The latest decision related to the relatively narrow but important point of the relevant “domicile date”, which is the date specified by the CAT for determining whether a potential claimant was domiciled in the UK and thus automatically included in the proceedings unless they had opted out. Mr. Merricks claimed it should be 6 September 2016 (the date the proceedings were issued); Mastercard said it should be 18 August 2021 (the date the CPO was granted). Determining the “domicile date” was particularly important in Merricks because on Mastercard’s proposal c. 3 million people who were alive when the proceedings were issued but died before 18 August 2021, would be excluded from the claimant class.

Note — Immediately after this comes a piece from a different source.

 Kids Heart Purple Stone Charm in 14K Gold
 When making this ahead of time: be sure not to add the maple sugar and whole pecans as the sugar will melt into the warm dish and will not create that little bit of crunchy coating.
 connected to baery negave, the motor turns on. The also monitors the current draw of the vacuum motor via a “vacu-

In March 2022, the CAT concluded that the “domicile date” should be the date the proceedings were issued: i.e., the earlier date. Mastercard appealed on the basis that the CAT had failed to act in accordance with the statutory purpose of the domicile date, and thus erred in the exercise of its discretion. The Court of Appeal have now dismissed that appeal.

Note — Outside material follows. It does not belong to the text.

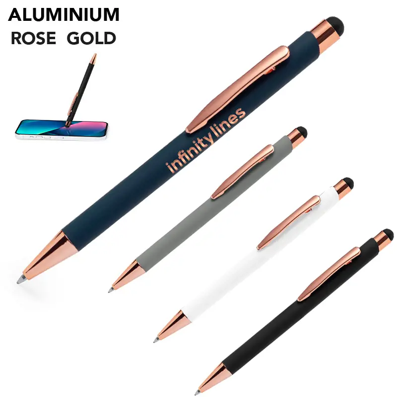 Rubberen balpen speciaal ontworpen voor lasermarkeren met rosékleurig logo.

In reaching its decision, the Court of Appeal emphasised that the overall purpose of the collective proceedings regime is to provide access to justice for individual claimants who would not otherwise be able to obtain legal redress. It was held that the CAT was entitled to approach the determination of the “domicile date” with that overall purpose in mind. The Court recognised in particular that it was only because of the five-year delay between the claim being issued and the making of the CPO that some 3 million people would (if Mastercard were right) have lost their claim. This was through no fault of their own and something the CAT was entitled to have regard to.
Given the increasing costs of litigation, and the relatively low level of damages for individual consumer claims such that they would be uneconomical to bring unless pursued collectively, individuals in consumer claims such as in Merricks would otherwise not have any ability to recover the losses they have suffered. With the impending lengthy recession and cost of living crisis, access to justice is arguably more important than ever, and so the recognition and restatement by the Court of the importance of the collective proceedings regime in providing a route for consumers to obtain legal redress is to be welcomed.